DATA PROVIDED:
◇ ◇ ◇ ◇ ◇

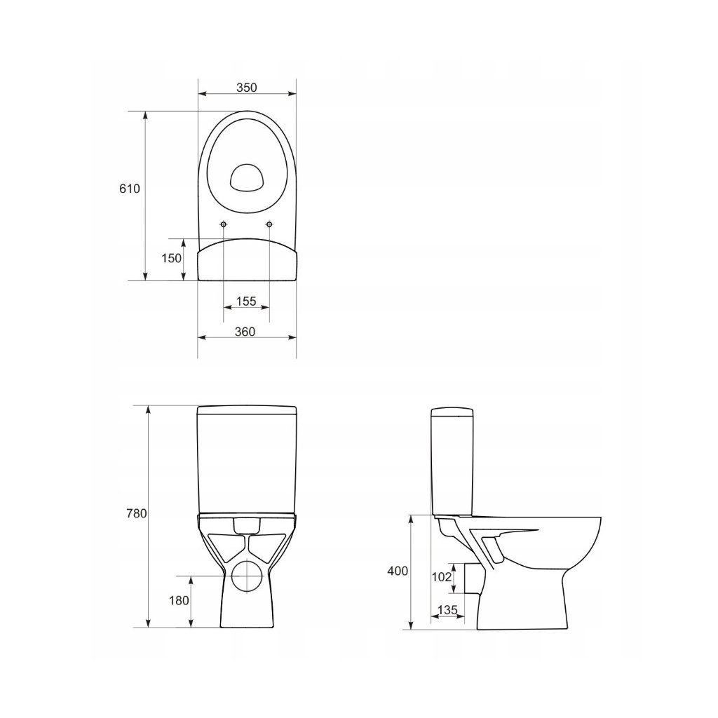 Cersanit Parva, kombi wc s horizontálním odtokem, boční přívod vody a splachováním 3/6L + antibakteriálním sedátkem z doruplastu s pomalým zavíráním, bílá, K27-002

◇ ◇ ◇ ◇ ◇

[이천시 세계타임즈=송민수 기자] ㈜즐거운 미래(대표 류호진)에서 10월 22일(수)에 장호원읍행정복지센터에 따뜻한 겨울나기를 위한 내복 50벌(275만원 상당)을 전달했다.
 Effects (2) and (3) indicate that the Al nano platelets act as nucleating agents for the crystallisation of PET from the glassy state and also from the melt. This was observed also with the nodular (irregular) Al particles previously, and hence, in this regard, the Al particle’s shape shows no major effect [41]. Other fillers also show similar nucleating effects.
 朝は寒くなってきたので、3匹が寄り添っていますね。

◇ ◇ ◇ ◇ ◇

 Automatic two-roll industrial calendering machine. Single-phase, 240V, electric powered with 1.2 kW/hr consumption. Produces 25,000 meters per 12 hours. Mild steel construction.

◇ ◇ ◇ ◇ ◇

Above are the records; print exactly the lines from the line with "Effects (2) and" to the line with "朝は寒くなってきたので、3匹が寄り添っていますね。", including both, and nothing else.

 Effects (2) and (3) indicate that the Al nano platelets act as nucleating agents for the crystallisation of PET from the glassy state and also from the melt. This was observed also with the nodular (irregular) Al particles previously, and hence, in this regard, the Al particle’s shape shows no major effect [41]. Other fillers also show similar nucleating effects.
 朝は寒くなってきたので、3匹が寄り添っていますね。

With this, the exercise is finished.